This question already has answers here:
Is there a way to create/modify connections through Airflow API
(5 answers)
Closed 4 years ago.
Note: This is NOT a duplicate of
Export environment variables at runtime with airflow
Set Airflow Env Vars at Runtime
I have to trigger certain tasks at remote systems from my Airflow DAG. The straight-forward way to achieve this is SSHHook.
The problem is that the remote system is an EMR cluster which is itself created at runtime (by an upstream task) using EmrCreateJobFlowOperator.
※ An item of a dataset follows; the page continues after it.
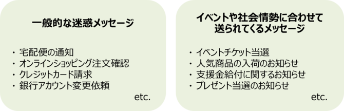 このような怪しいメッセージは、普段から、宅配便の通知、オンラインショッピングのアカウント確認、銀行・クレジットカードのアカウント確認を装った文面で送られてくることもあるが、イベントや社会情勢に合わせた内容で送られることもある。ここで、メッセージと表現しているのは、メール、SMS(Short Message Service)、SNS(Social Networking Service)など、さまざまな手段を含んでいるためである。
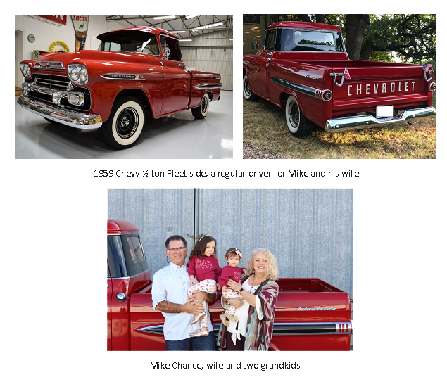 Mike’s interest in older vehicles comes from his father’s hobby of collecting older cars and trucks. At times he has had over 50 unique special interest vehicles. Now, at 85, his father has kept his two favorites. A 1955 Chevy car and a 1972 Chevy ½ ton pickup both of which he drives regularly. In addition he walks and jogs about 10 miles each week. What a great example to all of us. Mike and Tyler, has some big shoes to fill in being involved in this restoration company.

So while I can get hold of job_flow_id of the launched EMR cluster (using XCOM), what I need is to an ssh_conn_id to be passed to each downstream task.
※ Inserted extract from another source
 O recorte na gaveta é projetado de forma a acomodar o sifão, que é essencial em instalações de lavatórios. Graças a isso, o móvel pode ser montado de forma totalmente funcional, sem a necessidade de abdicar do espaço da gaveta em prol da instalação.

Looking at the docs and code, it is evident that Airflow will try to look up for this connection (using conn_id) in db and environment variables, so now the problem boils down to being able to set either of these two properties at runtime (from within an operator).
This seems a rather common problem because if this isn't achievable then the utility of EmrCreateJobFlowOperator would be severely hampered; but I haven't come across any example demonstrating it.
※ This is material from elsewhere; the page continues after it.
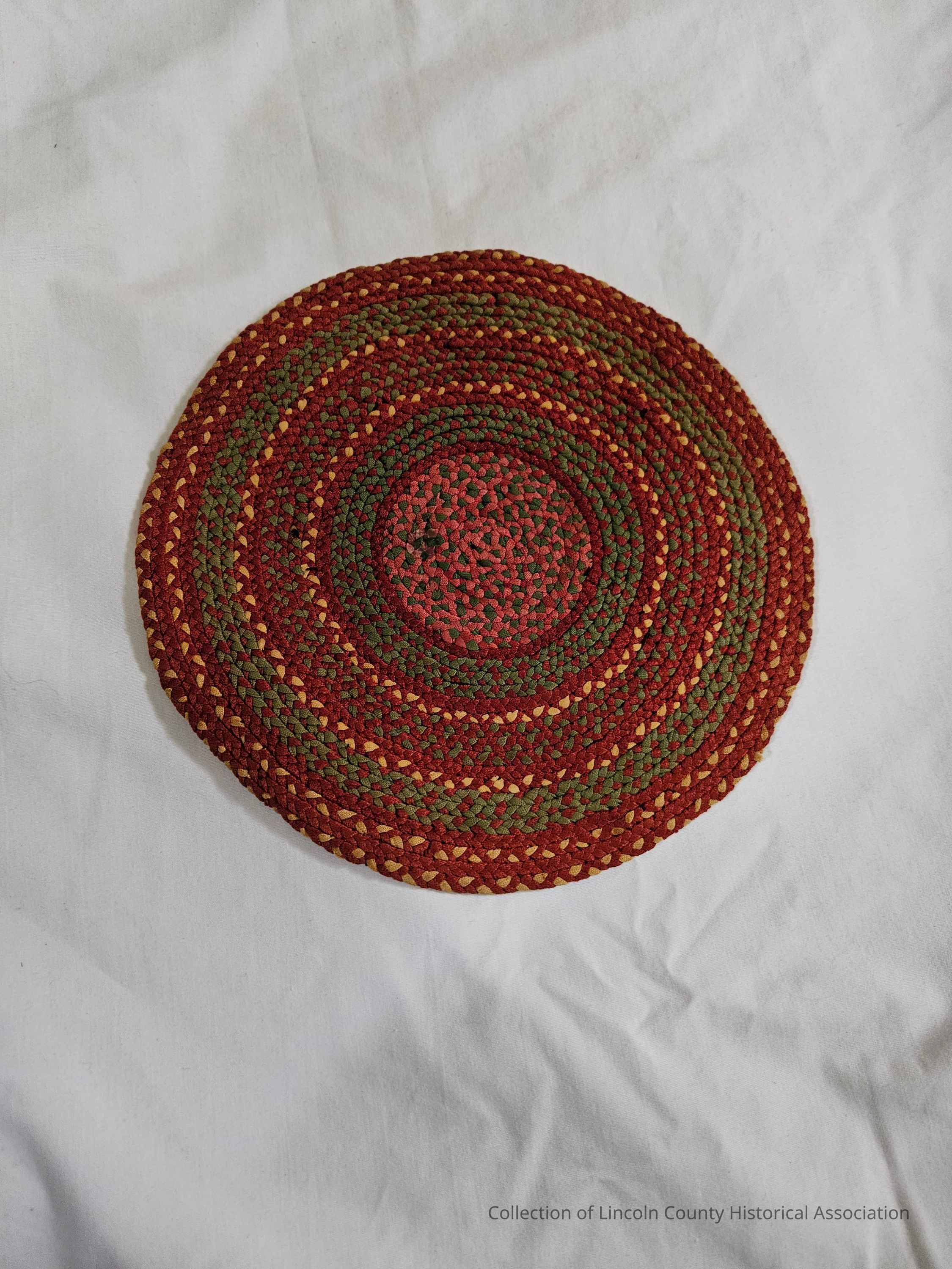Small decorative braided rug/mat. Circular in shape. Center circle is pink and green. Surrounding circles are red, green, and yellow.Made/Created

Is it possible to create (and also destroy) either of these from within an Airflow operator?
Connection (persisted in Airflow's db)
Environment Variable (should be accessible to all downstream tasks and not just current task as told here)
If not, what are my options?
I'm on
Airflow v1.10
Python 3.6.6
emr-5.15 (can upgrade if required)
Connections come from the ORM
Yes, you can create connections at runtime, even at DAG creation time if you're careful enough. Airflow is completely transparent on its internal models, so you can interact with the underlying SqlAlchemy directly. As exemplified originally in this answer, it's as easy as:
from airflow.models import Connection
from airflow import settings
def create_conn(username, password, host=None):
new_conn = Connection(conn_id=f'{username}_connection',
login=username,
host=host if host else None)
new_conn.set_password(password)
session = settings.Session()
session.add(new_conn)
session.commit()
Where you can, of course, interact with any other extra Connection properties you may require for the EMR connection.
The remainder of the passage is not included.